The chief executive of T-Mobile US Inc. apologized to customers for a security breach that has exposed personal data from more than 50 million people and said the wireless company was working to strengthen its cyber defenses.

The Bellevue, Wash., company on Friday said it struck long-term partnerships with cybersecurity firm Mandiant and consulting firm KPMG LLG after the hack of its systems that exposed millions of Social Security numbers, birth dates and other data.

“We didn’t live up to the expectations we have for ourselves to protect our customers,” CEO Mike Sievert wrote in a public letter. “Knowing that we failed to prevent this exposure is one of the hardest parts of this event.”
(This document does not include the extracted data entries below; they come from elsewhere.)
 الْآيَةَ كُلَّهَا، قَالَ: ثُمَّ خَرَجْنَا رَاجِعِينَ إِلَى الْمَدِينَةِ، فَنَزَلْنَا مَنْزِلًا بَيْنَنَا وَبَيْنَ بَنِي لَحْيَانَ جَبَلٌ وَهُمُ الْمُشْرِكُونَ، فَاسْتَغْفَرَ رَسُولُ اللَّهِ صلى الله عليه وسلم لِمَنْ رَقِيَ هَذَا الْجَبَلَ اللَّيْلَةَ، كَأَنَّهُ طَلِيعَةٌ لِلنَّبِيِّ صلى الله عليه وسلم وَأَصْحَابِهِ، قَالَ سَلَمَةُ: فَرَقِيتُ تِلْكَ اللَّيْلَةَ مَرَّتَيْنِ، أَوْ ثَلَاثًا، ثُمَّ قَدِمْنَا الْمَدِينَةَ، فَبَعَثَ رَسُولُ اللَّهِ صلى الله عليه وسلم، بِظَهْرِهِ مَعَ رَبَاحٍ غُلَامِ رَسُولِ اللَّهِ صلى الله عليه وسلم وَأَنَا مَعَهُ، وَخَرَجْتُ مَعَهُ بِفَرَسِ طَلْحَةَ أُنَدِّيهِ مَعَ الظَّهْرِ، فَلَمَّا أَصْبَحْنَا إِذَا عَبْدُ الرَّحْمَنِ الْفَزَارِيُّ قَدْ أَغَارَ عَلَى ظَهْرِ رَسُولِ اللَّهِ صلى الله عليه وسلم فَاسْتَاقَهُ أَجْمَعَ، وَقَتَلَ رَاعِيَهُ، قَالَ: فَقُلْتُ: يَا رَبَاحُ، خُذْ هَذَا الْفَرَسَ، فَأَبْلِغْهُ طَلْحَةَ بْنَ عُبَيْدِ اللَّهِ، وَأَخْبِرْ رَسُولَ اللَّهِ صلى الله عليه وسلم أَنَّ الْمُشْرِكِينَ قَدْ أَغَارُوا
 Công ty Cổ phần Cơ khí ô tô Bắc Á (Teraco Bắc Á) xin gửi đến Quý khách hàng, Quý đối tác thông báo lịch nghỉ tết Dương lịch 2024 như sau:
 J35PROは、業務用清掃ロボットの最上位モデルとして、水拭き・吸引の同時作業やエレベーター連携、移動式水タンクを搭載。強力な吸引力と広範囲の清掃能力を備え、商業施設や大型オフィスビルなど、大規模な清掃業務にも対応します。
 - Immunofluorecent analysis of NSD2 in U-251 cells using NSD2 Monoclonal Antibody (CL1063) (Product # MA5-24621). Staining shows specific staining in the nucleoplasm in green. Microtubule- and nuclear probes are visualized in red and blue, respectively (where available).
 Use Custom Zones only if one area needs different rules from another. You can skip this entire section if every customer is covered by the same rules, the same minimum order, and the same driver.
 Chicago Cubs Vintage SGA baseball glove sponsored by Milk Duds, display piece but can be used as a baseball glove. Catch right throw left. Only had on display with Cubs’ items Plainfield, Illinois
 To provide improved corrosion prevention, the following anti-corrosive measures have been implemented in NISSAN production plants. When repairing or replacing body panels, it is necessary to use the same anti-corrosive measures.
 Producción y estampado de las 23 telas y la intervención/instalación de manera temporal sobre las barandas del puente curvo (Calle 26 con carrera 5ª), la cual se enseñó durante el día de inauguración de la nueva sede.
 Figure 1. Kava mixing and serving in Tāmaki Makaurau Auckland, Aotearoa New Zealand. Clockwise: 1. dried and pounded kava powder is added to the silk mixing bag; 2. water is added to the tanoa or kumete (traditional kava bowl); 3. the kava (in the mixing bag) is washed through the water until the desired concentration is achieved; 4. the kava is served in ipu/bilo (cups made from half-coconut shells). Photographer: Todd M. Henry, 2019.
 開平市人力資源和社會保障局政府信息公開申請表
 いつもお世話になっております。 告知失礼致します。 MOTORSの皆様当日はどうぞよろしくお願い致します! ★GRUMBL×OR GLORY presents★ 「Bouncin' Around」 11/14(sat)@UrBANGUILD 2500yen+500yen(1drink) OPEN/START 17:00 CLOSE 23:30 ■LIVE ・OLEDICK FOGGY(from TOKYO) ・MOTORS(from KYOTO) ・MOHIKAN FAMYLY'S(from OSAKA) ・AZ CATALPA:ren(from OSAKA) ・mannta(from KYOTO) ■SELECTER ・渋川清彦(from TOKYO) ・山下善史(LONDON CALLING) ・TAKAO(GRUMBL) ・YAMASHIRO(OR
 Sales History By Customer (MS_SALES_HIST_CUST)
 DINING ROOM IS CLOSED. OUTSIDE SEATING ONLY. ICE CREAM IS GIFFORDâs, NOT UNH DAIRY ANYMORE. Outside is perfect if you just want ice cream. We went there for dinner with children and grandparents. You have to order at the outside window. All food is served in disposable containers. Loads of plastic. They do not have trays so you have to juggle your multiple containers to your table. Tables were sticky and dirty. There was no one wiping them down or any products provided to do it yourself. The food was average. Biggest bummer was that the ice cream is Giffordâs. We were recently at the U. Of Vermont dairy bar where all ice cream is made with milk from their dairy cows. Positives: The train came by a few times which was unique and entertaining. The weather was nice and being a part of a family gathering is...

John Binns, a 21-year-old American who moved to Turkey a few years ago, told The Wall Street Journal he was behind the security breach. He said the company’s lax security eased his path into a cache of T-Mobile records. “Their security is awful,” Mr. Binns told the Journal.

It wasn’t immediately clear whether Mr. Binns worked alone or with help. T-Mobile said Friday the attacker first pierced the company’s testing environments before gaining access to other systems through brute-force attacks and other methods.

The breach is the third major customer-data leak that T-Mobile has disclosed in the past two years. The company is the second-largest U.S. mobile carrier with roughly 90 million cellphones connecting to its networks.

The Seattle office of the Federal Bureau of Investigation is investigating the incident, the Journal reported. Mr. Sievert said T-Mobile is cooperating with law enforcement on a criminal investigation.

Mr. Sievert, who joined T-Mobile in 2013, took over as the company’s CEO in 2020 from longtime boss John Legere. The handoff happened just as the carrier was closing the takeover of its rival, Sprint Corp., forming a bigger nationwide carrier to compete with peers AT&T Inc. and Verizon Communications Inc.

“We know we need additional expertise to take our cybersecurity efforts to the next level—and we’ve brought in the help,” Mr. Sievert wrote in Friday’s letter.

He said T-Mobile hired Mandiant to conduct a forensic investigation since it learned about the incident. KPMG’s cybersecurity team will review T-Mobile’s security policies and performance measurement, Mr. Sievert said.

“To say we are disappointed and frustrated that this happened is an understatement,” Mr. Sievert said. He added that the company is confident that it has closed the security hole the hacker accessed and that there isn’t an ongoing risk to customer data from the hack.

The company has notified nearly all current T-Mobile customers or primary account holders who had their data compromised, Mr. Sievert said. Among other measures, the company is offering two years of free identity-protection services with McAfee’s ID theft protection to those who might have been affected by the breach, he said.